### AIM OF THE EXERCISE:
Please reproduce, exactly as given, the lines running from the start of the data to the line containing "乘风2026最新人气投票排名", inclusive, and omit the pictures.

### EXERCISE DATA:
::::::

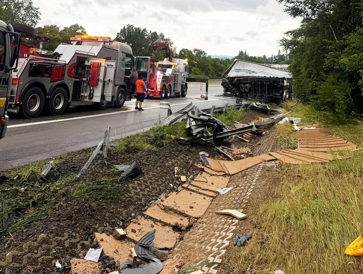 Gegen 16:40 Uhr verlor ein 46-jähriger Fahrer eines tschechischen Sattelzugs zwischen Melsungen und Guxhagen bei Starkregen die Kontrolle über sein Fahrzeug. Nach rechts von der Fahrbahn abgekommen, kippte der Auflieger beim Aufprall auf die Leitplanke auf die Seite. Ein kleiner Brand im Motorraum wurde rasch gelöscht, der Fahrer blieb unverletzt und befreite sich selbst. Der Sachschaden am Sattelzug beläuft sich auf etwa 100.000 EUR; hinzu kommen Schäden an Autobahneinrichtungen. Die A 7 blieb mehrere Stunden voll gesperrt, später einspurig passierbar. Ab Dienstagmorgen 5:36 Uhr rollt der Verkehr wieder zweispurig, der rechte Fahrstreifen bleibt jedoch bis zum Abschluss der Leitplanken-Reparatur gesperrt.
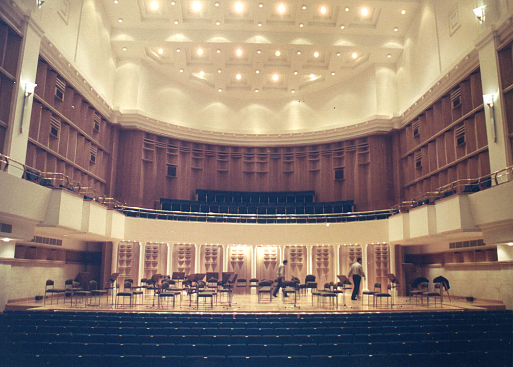 Müzik Fakültesi , Büyük Konser Salonu, Tiyatro binası projeleri ile birlikte, ileride oluşması öngörülen Bilkent Sanat Merkezi'nin bir parçası olarak ele alınmıştır. Yapının en çok uğraşılan kısmı konser salonu olmuştur. Müzik Fakültesi içinde yeralan konser salonu ilk başta mütavazi ölçülerde bir 'uygulama salonu' olarak ele alınmışken, sonradan sayın Prof. İhsan Doğramacı'nın istekleri doğrultusunda ve çok daha geniş kitlelere hizmet edebilecek bir konser salonu olarak büyütülmüştür. Salonun dekorasyon projesi her adımda akustik gereksinimler gözönünde tutularak 6 ayda tamamlanmıştır. Salonda 1.8 ile 2.0 arası reverberasyon zamanı elde edilmiş olup, duvardaki hareketli ahşap panolarla oda müziğinden koro eserlerine kadar ince ayar yapmak mümkün olmaktadır
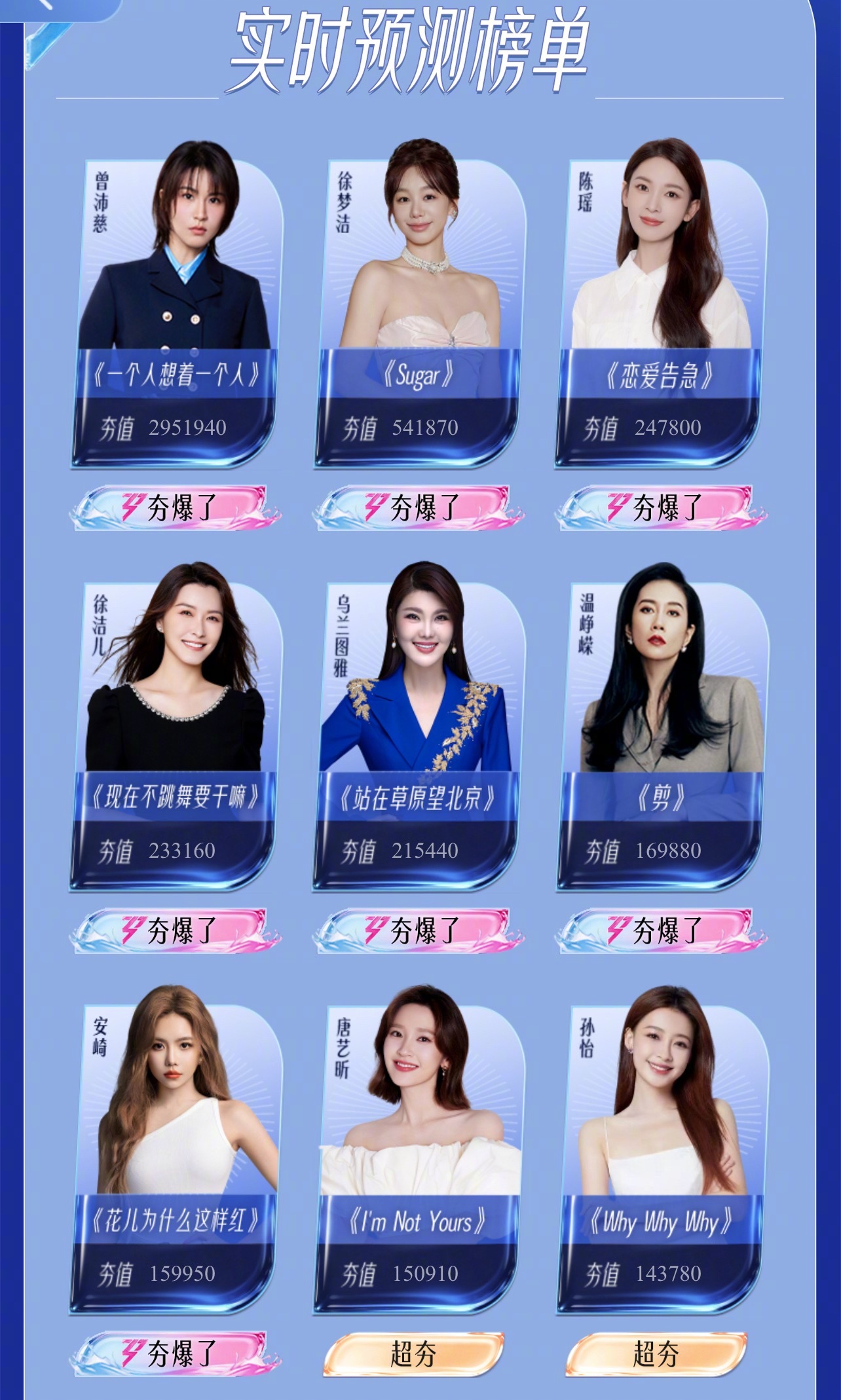乘风2026最新人气投票排名夯爆了第一名:曾沛慈第二名:徐梦洁第三名:陈瑶第四名:徐洁儿第五名:乌兰图雅第六名:温峥嵘第七名:安崎
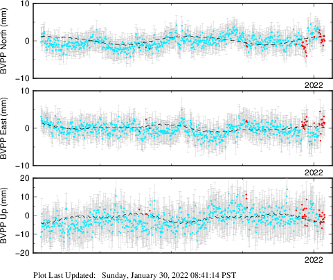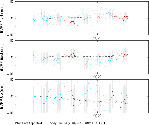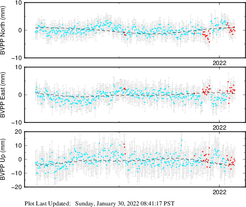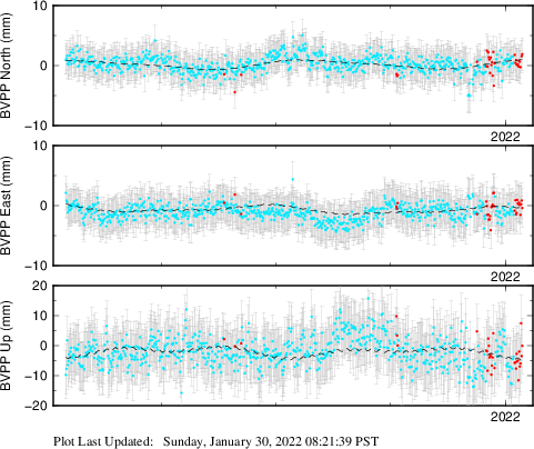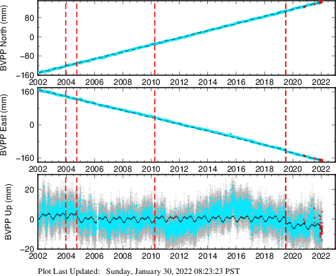 These results are preliminary. The station positions are unchecked and should not be used for any engineering applications. There may be errors in the antenna heights. The velocities are very dependent on the length of the span of observations. The presence of outliers (errant observations) sometimes contaminates the velocities.

::::::

### SOLVED EXERCISE:
 Gegen 16:40 Uhr verlor ein 46-jähriger Fahrer eines tschechischen Sattelzugs zwischen Melsungen und Guxhagen bei Starkregen die Kontrolle über sein Fahrzeug. Nach rechts von der Fahrbahn abgekommen, kippte der Auflieger beim Aufprall auf die Leitplanke auf die Seite. Ein kleiner Brand im Motorraum wurde rasch gelöscht, der Fahrer blieb unverletzt und befreite sich selbst. Der Sachschaden am Sattelzug beläuft sich auf etwa 100.000 EUR; hinzu kommen Schäden an Autobahneinrichtungen. Die A 7 blieb mehrere Stunden voll gesperrt, später einspurig passierbar. Ab Dienstagmorgen 5:36 Uhr rollt der Verkehr wieder zweispurig, der rechte Fahrstreifen bleibt jedoch bis zum Abschluss der Leitplanken-Reparatur gesperrt.
 Müzik Fakültesi , Büyük Konser Salonu, Tiyatro binası projeleri ile birlikte, ileride oluşması öngörülen Bilkent Sanat Merkezi'nin bir parçası olarak ele alınmıştır. Yapının en çok uğraşılan kısmı konser salonu olmuştur. Müzik Fakültesi içinde yeralan konser salonu ilk başta mütavazi ölçülerde bir 'uygulama salonu' olarak ele alınmışken, sonradan sayın Prof. İhsan Doğramacı'nın istekleri doğrultusunda ve çok daha geniş kitlelere hizmet edebilecek bir konser salonu olarak büyütülmüştür. Salonun dekorasyon projesi her adımda akustik gereksinimler gözönünde tutularak 6 ayda tamamlanmıştır. Salonda 1.8 ile 2.0 arası reverberasyon zamanı elde edilmiş olup, duvardaki hareketli ahşap panolarla oda müziğinden koro eserlerine kadar ince ayar yapmak mümkün olmaktadır
乘风2026最新人气投票排名夯爆了第一名:曾沛慈第二名:徐梦洁第三名:陈瑶第四名:徐洁儿第五名:乌兰图雅第六名:温峥嵘第七名:安崎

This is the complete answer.